Körfez ülkelerinden Gümrük Vergisi sıfırlanmış malların ülkemize gelişi şimdiden başladı çünkü Temmuz ayında gerçekleştirilen Körfez turunda Gümrük Vergilerini kaldıran ve azaltan anlaşmalar devreye sokuldu artık. O gün bunun ne anlama geldiğini kimse anlamamıştı, tepki dahi göstermedi kimse. Bir dönem FETÖ’nün finansörü diye manşet attıkları Arap Emirliği’yle yapılan o 50 milyar dolarlık ticari anlaşma için zafer manşetleri bile atıldı. Bugünse Birleşik Arap Emirlikleri’nden gelen binlerce tarım ve sanayi ürünün Gümrük Vergisi sıfırlandı. Yavaş yavaş neleri imzaladıkları gün yüzüne çıkmaya başladı. Birleşik Arap Emirlikleri’ne vergi kıyağı geçildi. Yarınsa Katar ve Suudi Arabistan’a yeni vergi kıyakları yapacaklar bunlar. Türkiye’yi bir emirlik gibi yönettikleri için milletin ne sıkıntısı, ne derdi hiç umurlarında değil. Türk çiftçisinin, sanayicisinin, üreticisinin, emeklinin, işçinin belini gümrüksüz ithalatlarla daha da bükecekler. ‘Üretme, ithal et’ diyecekler. İthal edecek paranız yoksa, kredi verecekler. Her verdikleri kredide sürekli yeni imtiyaz isteyecekler. O yüzden Körfez ülkeleriyle ticarette bu yeni dönemin 400 yıl önce Fransızlara verilen o Duyun-u Umumiye’ye varan kapitülasyonlardan hiçbir farkı yok. O gün Fransızlarla başladı, bugün İngiltere’yle, çünkü Körfez ülkelerinin diye okunsa da bu işin arkasında İngiltere var.

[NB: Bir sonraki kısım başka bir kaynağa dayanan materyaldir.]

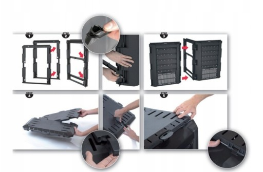 Kompostownik wyposażony jest w kilka drzwiczek ułatwiających wybieranie powstałej próchnicy.

“2030 YILINDA YEPYENİ BİR KAPİTALİST DÜNYA KURACAKLAR”
Dünya ticarette yeni bir düzene giriyor. Sermaye ve ticaret yer değiştiriyor artık. Ülkelere iklim krizini bahane ederek 2030 hedefleri getiriyorlar. 2030 yılında yepyeni bir kapitalist dünya kuracaklar. Kurmak zorundalar çünkü küreselleşmeyle ilgili birtakım sorunlar giderek artıyor. Ülkeler arasındaki serbest ticaretler artık ticaret savaşlarına dönmüş durumda. İklimi ve dünyanın geleceğini bahane ederek yeni bir sistem kuruyorlar. İnşasına başladıkları bu yeni küresel altyapıyı kuranlar tarafından Türkiye hedef ülke. Fosil yakıt yani petrol kralları olan Körfez ülkeleri ise 2030 yılı hedefleriyle kendilerine yeni yatırım alanları arıyorlar. Suudi Arabistan 2030 yılına kadar dünyada 3.3 trilyon dolarlık yatırım yapmayı planlıyor. Katar ve Birleşik Arap Emirlikleri de kendi parasıyla kendilerine yeni ülkeler arıyorlar. Arkalarında da tabi yine İngiltere var. Brexit’le Avrupa’dan yolunu ayıran İngiltere Körfez ülkelerini kullanarak bu yeni ticaret düzeninde pazarını güçlendirmek istiyor.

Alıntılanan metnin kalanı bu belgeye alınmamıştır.